The GST family consists of three superfamilies: the cytosolic, mitochondrial, and microsomal—also known as MAPEG—proteins. Members of the GST superfamily are extremely diverse in amino acid sequence and a large fraction of the sequences deposited in public databases are of unknown function. The glutathione binding site, or "G-site," is located in the thioredoxin-like domain of both cytosolic and mitochondrial GSTs. The region containing the greatest amount of variability between the assorted classes is that of helix α2, where one of three different amino acid residues interacts with the glycine residue of glutathione.
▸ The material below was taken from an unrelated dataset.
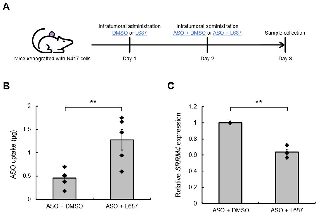 小細胞肺がん由来N417細胞を皮下移植して作成した担がんマウスに対し、SRRM4 (Serine/Arginine repetitive matrix 4) 標的ASOを用いた腫瘍内投与実験を行いました。SRRM4は小細胞肺がん及び治療抵抗性前立腺がんに異常発現しており、その発現抑制は担がんマウスにおいて抗腫瘍効果を示すことからSRRM4 標的ASOの開発が進められています (ResOU 2019-6-19●生命科学・医学系、【引用情報】 参照)。SRRM4 標的ASO投与前にあらかじめL687 (1.5 µg) を腫瘍内投与しておき、1日後にSRRM4 標的ASO (10 µg) とL687 (1.5 µg) を混合して腫瘍内投与し、さらに1日後に腫瘍を摘出しました。腫瘍細胞へのASOの移行量は、ASO配列特異的定量法ELOSA (enzyme-linked oligosorbent assay) にて解析し、並びにSRRM4遺伝子の発現抑制効果はRT-qPCRにて評価しました (図3A)。腫瘍内細胞に蓄積したSRRM4 標的ASO量を算出したところ、SRRM4 標的ASO + 溶媒のみの群 (0.46 µg) と比較してSRRM4 標的ASO + L687群 (1.28 µg) では、SRRM4 標的ASO移行量が2.78倍に増加しました(図3B)。その後、RNA抽出を行い、RT-qPCRによりSRRM4遺伝子の発現量を解析したところ、SRRM4 標的ASO + 溶媒のみの群に比べてSRRM4 標的ASO + L687群ではSRRM4遺伝子の発現量が約40%減少していました (図3C)。L687とASOの併用はin vivoにおいても有効であることが示唆されました。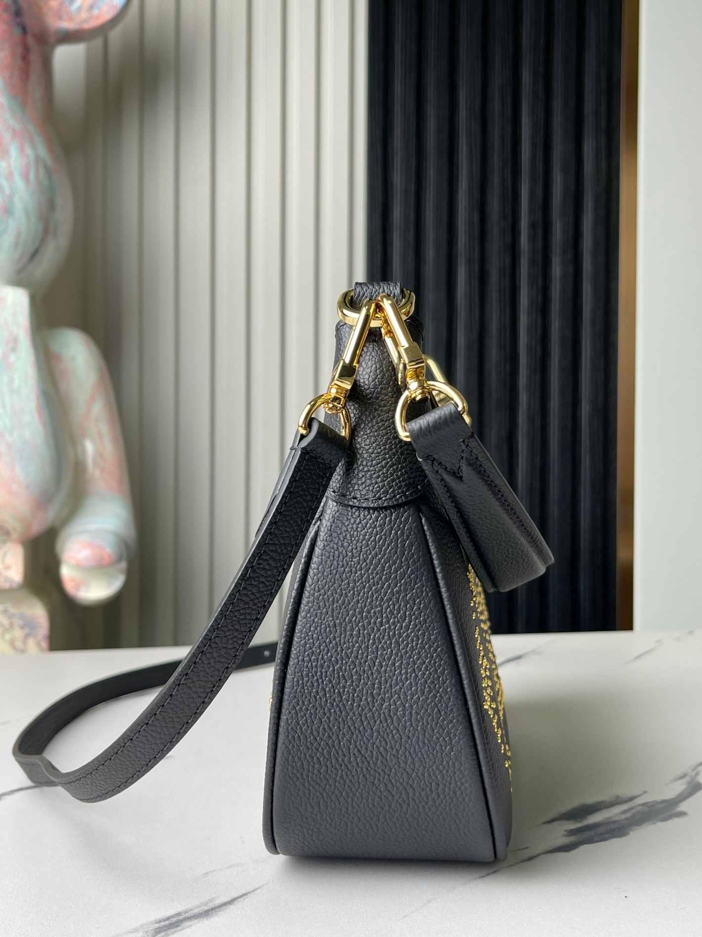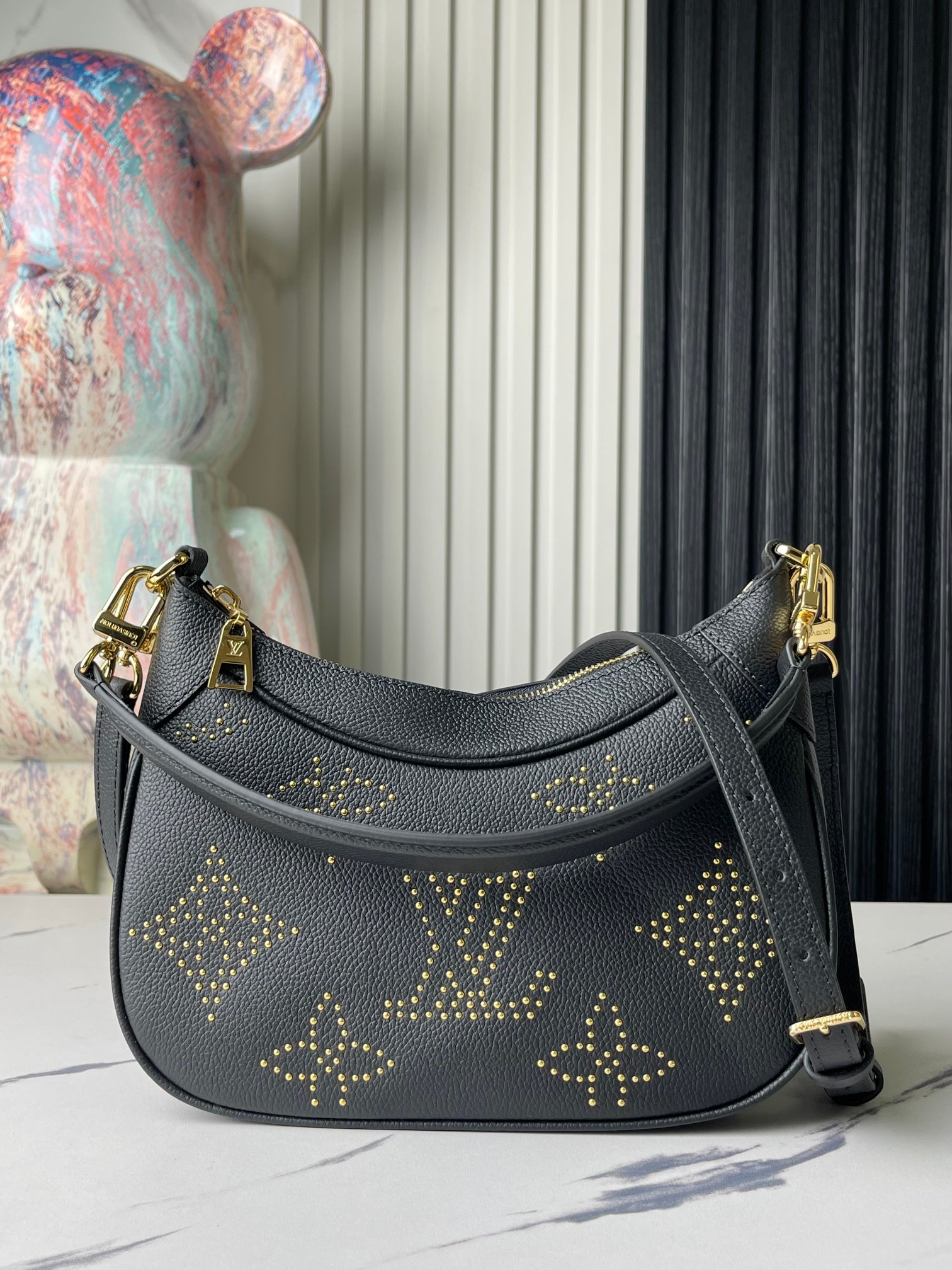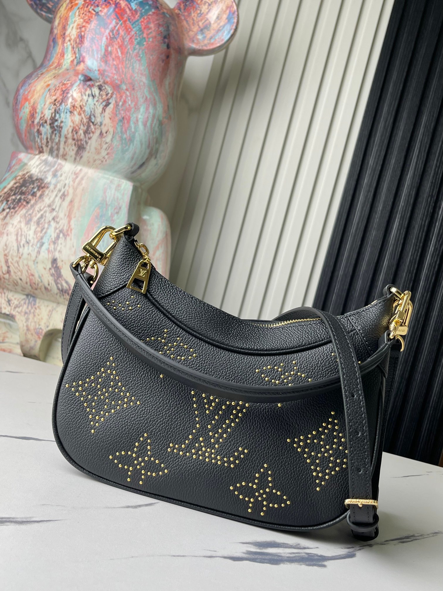 This rock-chic version of the Bagatelle handbag is made from Monogram Empreinte leather, with gold-color studs forming the iconic Monogram pattern. The meticulous process of applying the studs is a testament to the House’s craftsmanship. Each stud is coated with 0.25 microns of gold. There’s a removable handle and a detachable and adjustable strap.

Two subgroups of cytosolic GSTs have been characterized based upon their interaction with glutathione: the Y-GST group, which uses a tyrosine residue to activate glutathione, and the S/C-GST, which instead uses serine or cysteine residues.

 

The primary role of GSTs is to detoxify xenobiotics, thereby preventing their interaction with crucial cellular proteins and nucleic acids. Specifically, the function of GSTs in this role is twofold: to bind both the substrate at the enzyme's hydrophobic H-site and GSH at the adjacent, hydrophilic G-site, which together form the active site of the enzyme; and subsequently to activate the thiol group of GSH, enabling the nucleophilic attack upon the substrate. Both subunits of the GST dimer, whether hetero- or homodimeric in nature, contain a single nonsubstrate binding site, as well as a GSH-binding site. In heterodimeric GST complexes such as those formed by the cytosolic mu and alpha classes, however, the cleft between the two subunits provides an additional high-affinity nonsubstrate xenobiotic binding site, which may account for the enzymes' ability to form heterodimers.